Don't Blame the ELBO! A Linear VAE Perspective on Posterior Collapse
This provides a theoretical explanation for posterior collapse in VAEs, addressing a key issue for researchers in generative modeling, though it is incremental as it builds on existing linear analysis.
The paper tackles the problem of posterior collapse in Variational Autoencoders (VAEs) by analyzing linear VAEs and showing that the ELBO objective does not introduce additional spurious local maxima compared to log marginal likelihood, with training recovering identifiable global maxima corresponding to principal component directions.

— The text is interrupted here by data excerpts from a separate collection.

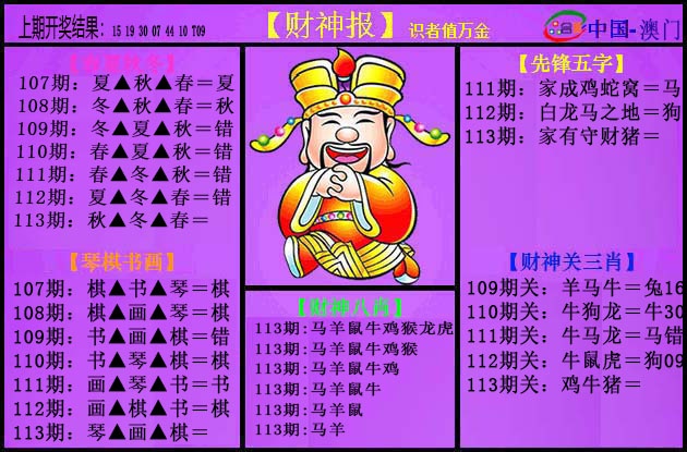 113期: 澳门六合彩彩圖信封【黄财神报】每期自动更新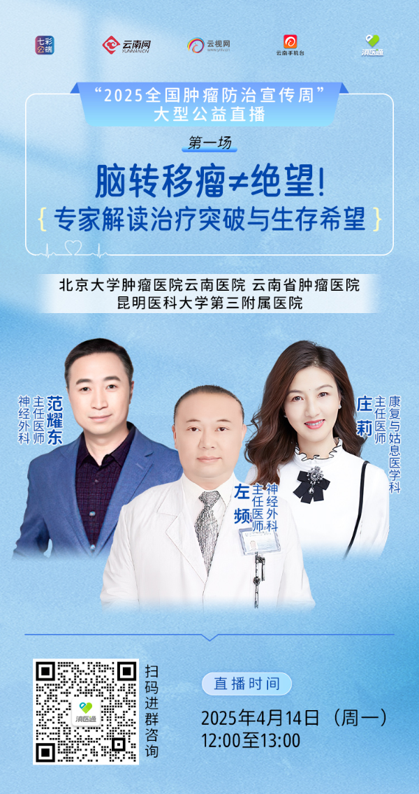 “2025全国肿瘤防治宣传周”大型公益直播第一场——脑转移瘤≠绝望!专家解读治疗突破与生存希望。4月14日12:00至13:00,北京大学肿瘤医院云南医院 云南省肿瘤医院 昆明医科大学第三附属医院专家做客滇医通直播间为您解答,欢迎扫码观看。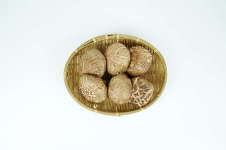 Dried Mushroom in a Basket on white background.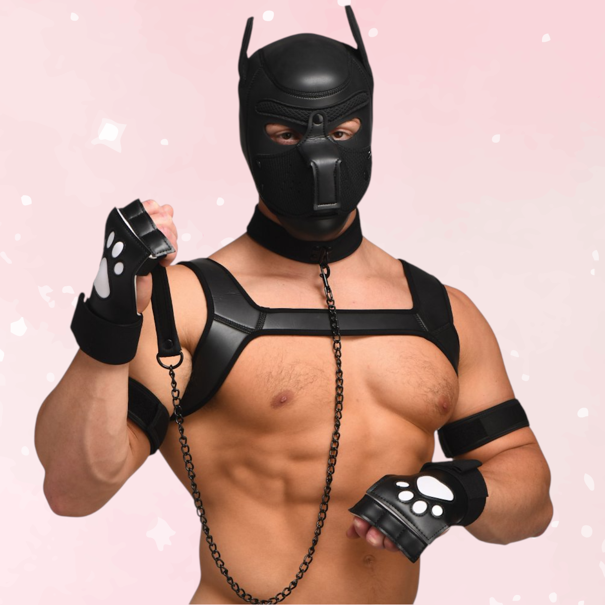 This complete puppy play kit includes everything you need to embrace your pup persona: a adjustable neoprene hood with poseable ears and a removable muzzle, a wagging silicone tail plug, a chewable bone gag, an adjustable vegan leather collar and leash, a stretchy bulldog harness, velcro armbands, paw mitts, and even a doggy-style position strap for immersive intimate play.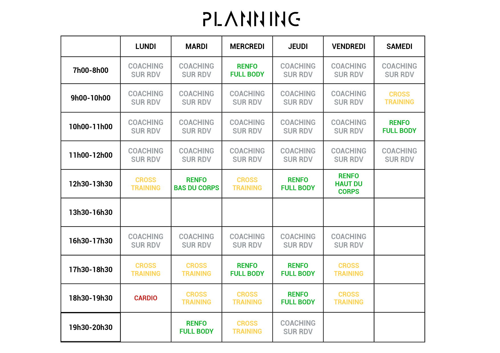 Découvrez ci-dessous le planning des activités et séances proposées chez Hybrid Studio.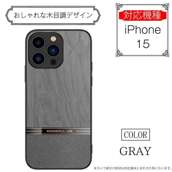 | 商品名 | iPhone 15 用 スマホケース 新品 PUレザー ソフト 耐衝撃 アイフォン 携帯 ジャケット シンプル 木目 グレー |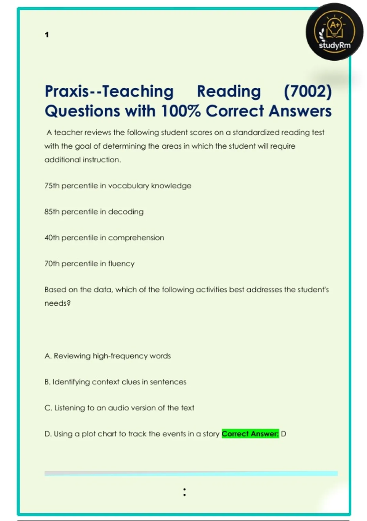 Praxis--Teaching Reading (7002) Questions with 100% Correct Answers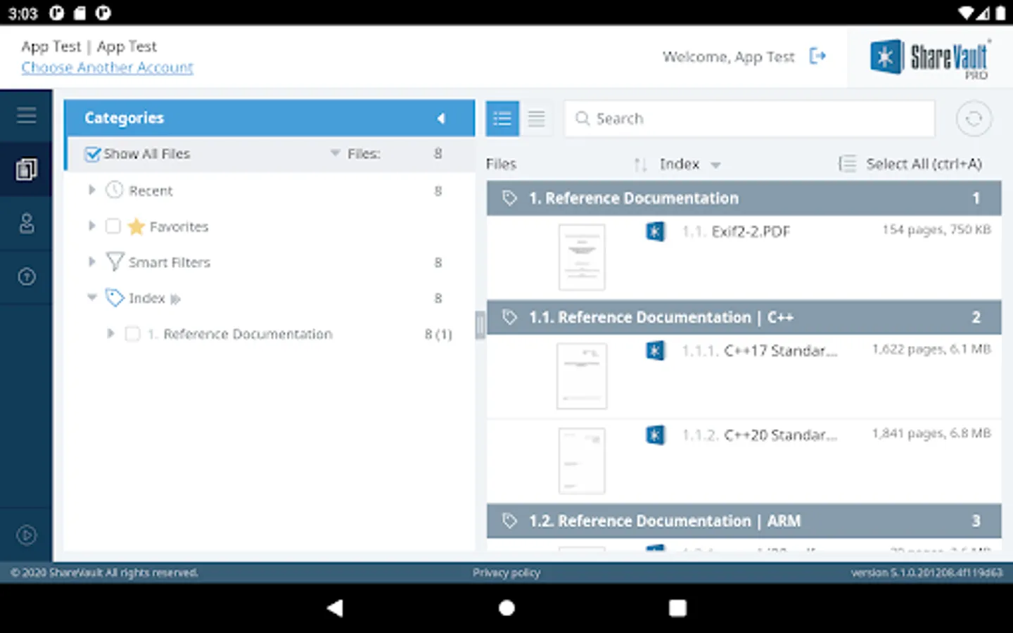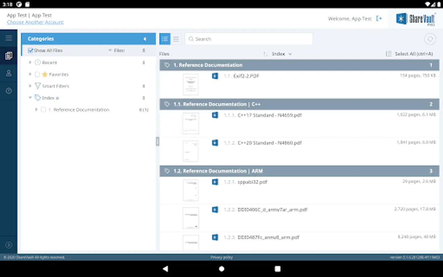 • Optimized for device screen size: On tablets, the application takes advantage of the device's larger screen size by including the full ShareVault functionality, including a split screen category pane and file list with thumbnails, for improved user experience. On phones, the app downgrades elegantly to fit the reduced screen size of smaller devices by eliminating the split screen display, thumbnails, Q&A and much of administrator functionality available on tablets.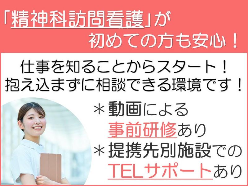仕事内容 * "精神特化型"の訪問看護ステーション * 「バタバタとした病院勤務で、 患者さん一人ひとりに向き合えず モヤモヤしていた」…そんな看護師さんへ。 患者さま一人ひとりとじっくり向き合える  ̄ ̄ ̄ ̄ ̄ ̄ ̄ ̄ ̄ ̄ ̄ ̄ ̄ ̄ ̄ ̄ ̄ ̄ ̄ ̄ 《ほぼ残業なし》9~20時の間で実働8時間 《ブランクOK》久々の仕事復帰も応援! 《お休み充実》日祝休み&長期休暇あり 《研修あり》訪問看護デビューにもオススメ +。・*+。・*+。・*+。・*+。・* 【仕事内容】 利用者宅を訪問し、訪問看護計画書に 基づいたケアサービスを行います。 ※1日5~7件を訪問予定 ※現場への直行直帰もOK! 【具体的には】 *バイタルチェックや精神状態の観察 *日常生活の支援や服薬管理、 家族への支援を含む看護 *訪問看護計画書・報告書の作成 *利用者様に関わる関係機関との情報共有 など 《 利用者様について 》 20〜40代の方がメイン。 軽度〜中等度の精神疾患をお持ちの方が多く 急性期のような医療処置はありません。 《 研修あり 》 訪問看護未経験の方を対象として動画研修と 先輩との同行研修を行っています。 +。・*+。・*+。・*+。・*+。・* < ここがポイント! > [1] 『精神特化型』の訪問ステーション!  ̄ ̄ ̄ ̄ ̄ ̄ ̄ ̄ ̄ ̄ ̄ ̄ ̄ ̄ ̄ ̄ ̄ ̄ ̄ うつ・統合失調症・不安障害など、 心のケアを必要とする利用者様のサポートが 中心です。医療技術よりも「話を聴く力」、 「寄り添う気持ち」が活かせるお仕事です。 ※医療行為は比較的少なめで、 体力的な負担も軽めです。 [2] 看護業務に専念できる環境です!  ̄ ̄ ̄ ̄ ̄ ̄ ̄ ̄ ̄ ̄ ̄ ̄ ̄ ̄ ̄ ̄ ̄ 〇請求業務は本部で実施。 事務・書類仕事の負担が少ない! 〇一人1台ずつ業務用スマホを支給。 記録には専用アプリを導入しているので 日々の記録もやりやすい! [3] 安心のサポート体制あり!  ̄ ̄ ̄ ̄ ̄ ̄ ̄ ̄ ̄ ̄ ̄ ̄ ̄ ̄ 別施設の先輩に相談できるシステムあり。 分からないことも質問できる環境なので、 訪問看護が初めての方もご安心ください! [4] 現場への直行直帰OK!  ̄ ̄ ̄ ̄ ̄ ̄ ̄ ̄ ̄ ̄ ̄ ̄ 職場の人間関係でストレスを感じたくない、 という方にオススメ! ++-----------------++ 《 少しでも興味を持っていただけたら… 》 「なぜ精神特化の訪問看護なのか?」 そんな代表の想いをぜひご覧ください! 【企業HP】 https://houmon-pasurel.com/ ++-----------------++ *パート・アルバイトからの スタートも相談OKです。

Posterior collapse in Variational Autoencoders (VAEs) arises when the variational posterior distribution closely matches the prior for a subset of latent variables. This paper presents a simple and intuitive explanation for posterior collapse through the analysis of linear VAEs and their direct correspondence with Probabilistic PCA (pPCA). We explain how posterior collapse may occur in pPCA due to local maxima in the log marginal likelihood. Unexpectedly, we prove that the ELBO objective for the linear VAE does not introduce additional spurious local maxima relative to log marginal likelihood. We show further that training a linear VAE with exact variational inference recovers an identifiable global maximum corresponding to the principal component directions. Empirically, we find that our linear analysis is predictive even for high-capacity, non-linear VAEs and helps explain the relationship between the observation noise, local maxima, and posterior collapse in deep Gaussian VAEs.